Тихо. Даже за окном все замерло.
Вадим вышел на кухню, в холодильнике нашел наполовину опорожненную бутылку «Столичной», налил рюмку.
– Хватит тебе уже, – возмутилась Клавдия, – нам еще ехать.
– Я не поеду.
– Сегодня ничего не случится, – сказала им Лия. – Сейчас я сделаю укол, и она будет спать до утра.
Проводив гостей, Лия вошла к Зизи. Та смотрела на нее с беспокойством.
– Лиечка, – сказала она, – я хочу, чтобы пришел Виталик. Пусть приходит один.
Он приехал в воскресенье. Лия усадила его у постели Зизи, а сама ушла на кухню.
Размеренный ход будильника деликатно подчеркивал тишину.
Зизи протянула руку, и Виталик сжал ее обеими ладонями. Рука Зизи была холодная, а ладони у него – теплые, несмотря на морозную погоду.
Впервые он видел не строгий и властный взгляд: темные глаза походили на глаза раненой лани, ресницы подрагивали, в расширенных зрачках метались беспокойные искры, – больные, ищущие, горячие глаза. Они просили покоя. Земная, античная, языческая красота.
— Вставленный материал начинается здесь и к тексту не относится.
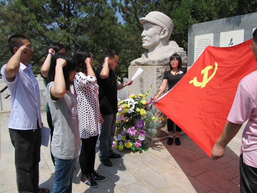 09博第二支部和08博第三支部一起前往密云,在白乙化烈士纪念碑前组织了一次独特而有意义的党员发展和转正会议。全体党员在纪念碑前庄严宣誓,共同缅怀先烈,畅想未来,进行了一次深刻的爱党和爱国教育。
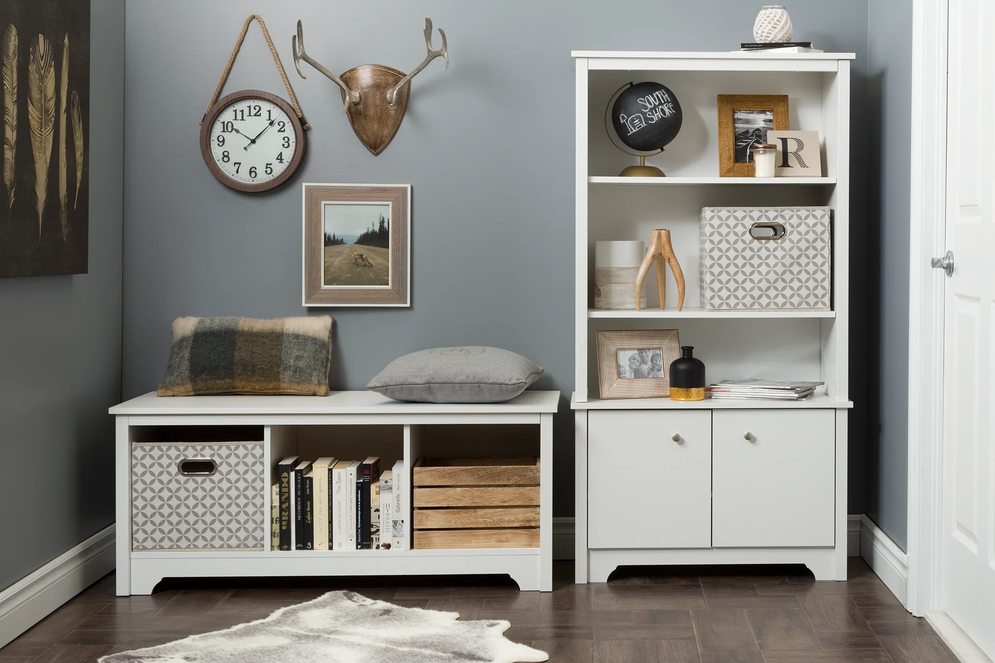 Les trois espaces de rangement ouverts sous le banc sont spécifiques pour des paniers, des chaussures ou des sacs d’épicerie. Bref, tout ce dont vous avez besoin à portée de main lorsque vous sortez de chez vous en vitesse. Vous pourriez également mettre des coussins et une couverture sur le dessus pour plus de confort. Quel bonheur d’arriver dans une maison chaude et bien ordonnée !

Виталик, оцепенев, смотрел в эти беспомощные темные омуты. Его встревоженный взгляд постепенно обрел уверенность, потеплел. Зизи даже почудилось, что светлые лучики осветили ее.
– Грешница я, Виталик, – прошептала она, – нет мне прощенья.
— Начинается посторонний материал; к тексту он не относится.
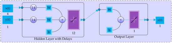 Table 1 lists the ANN settings for each type of renewable energy source, which has implemented in MATLAB using ntstool. The ANN was configured with 70%, 15%, and 15% of the data for training, adjustment, and validation processes, respectively. Figure 4 illiterates the ANN scheme for the wind power forecasting.
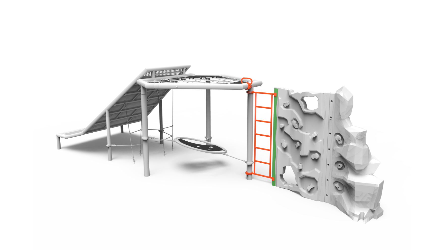 Connect PlayHills Tri Hub and RockBlocks using this link to create a distinct, cohesive layout that kids can adventure across together. Kids can use the straight ladder to climb their way from one play event to the next, building their strength and coordination as they explore.

Он опустил глаза, хотел что-то сказать, но только молча склонился и поцеловал ей руку.
Она вздохнула, по ее щекам потекли слезы. Виталик достал носовой платок и стал вытирать их. Она улыбалась, а слезы все текли.
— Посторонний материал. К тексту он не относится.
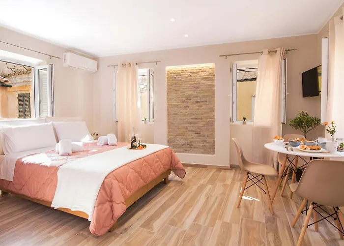 A 31 m²-es apartman Korfu óvárosa körzetben található, emellett lehetőséget biztosít a Szent Szpirídon-templom meglátogatására, amely mindössze 6 percnyi sétára van. A Korfu óváros 11 perc alatt elérhető gyalogosan. A Bizánci Múzeum pillanatokra helyezkedik el az apartmantól.
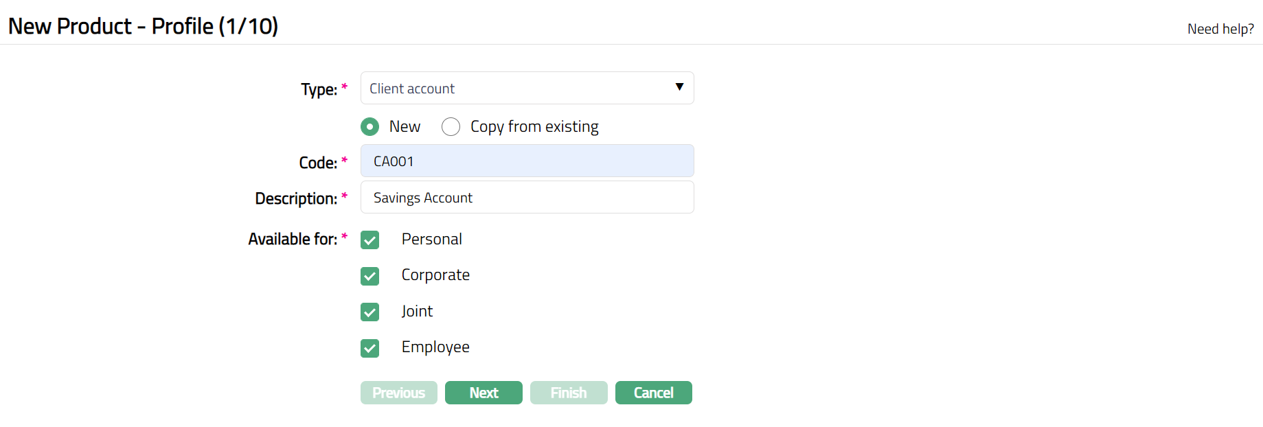 Aura allows you to create a new loan product or create a Client account product based on the existing Client account products in the Aura.

Видимо, волнение отняло у нее последние силы. Через минуту она уснула. Последние капли высохли, дыхание выровнялось. Во сне она увидела у себя под ногами шелковистую травку, она была близко-близко.
Через пару часов она проснулась. В комнате поселились сумерки, размеренно и успокаивающе тикали часы на столе. Лия пришла сделать укол. Зизи выглядела значительно лучше, чем вчера. Вслед за Лией вошел Виталик.
– Иди сюда, мальчик мой, сядь поближе, – обратилась к нему немного окрепшая Зизи, – я расскажу тебе то, чего, кроме меня, никто уже не помнит.
Виталик сел на стул. Лия, скрестив руки на груди, прислонилась к стене.
– Видишь ли, так случилось, – начала Зизи, – что я знала твоего отца. Ну, не то чтобы мы были знакомы, – сказала она, заметив, как заморгал от неожиданности Виталик, – нет. Я работала в следственных органах, и мне попалось его дело. Конечно, дел было много, но его показалось мне необычным.
Виталик подался вперед, стараясь не пропустить ни слова.
– Когда началась война, – продолжала Зизи, – он был комбригом. Попал в плен. Вместе с пленными советскими генералами сидел в крепости Вюрцбург в Баварии. Весной 45-го их освободили американцы и всех отправили в Париж в советскую военную миссию. Оттуда – в Москву. Потом – госпроверка. Под Новый год его арестовали. Три года, пока велось следствие, сидел в подземной тюрьме. Следователем была не я, но я видела его. Хочу тебе сказать: железный был человек, железный. Роста он был среднего, ты-то вон какой вымахал! Глаза у вас похожи. Как у кавказской овчарки, но у него они были более жесткие. Мне всегда казалось, будто он знал то, чего мы не знаем. Из Красной армии после ареста его уволили по 44-й статье. Свозили на улицу Кирова в Главную военную прокуратуру, потом дело у следователя отобрали, а через некоторое время вообще выпустили. Видимо, тогда он с Клавдией и познакомился. Она хоть и пацанкой была, но очень красивой. Его прошлого не только ты, но и Клавдия, я почти уверена, не знает. Она мне показывала форму «А», справку об освобождении. А там написано: управление исправительно-трудового лагеря и колоний УНКВД Рязанской области. Рязанской, ты понял?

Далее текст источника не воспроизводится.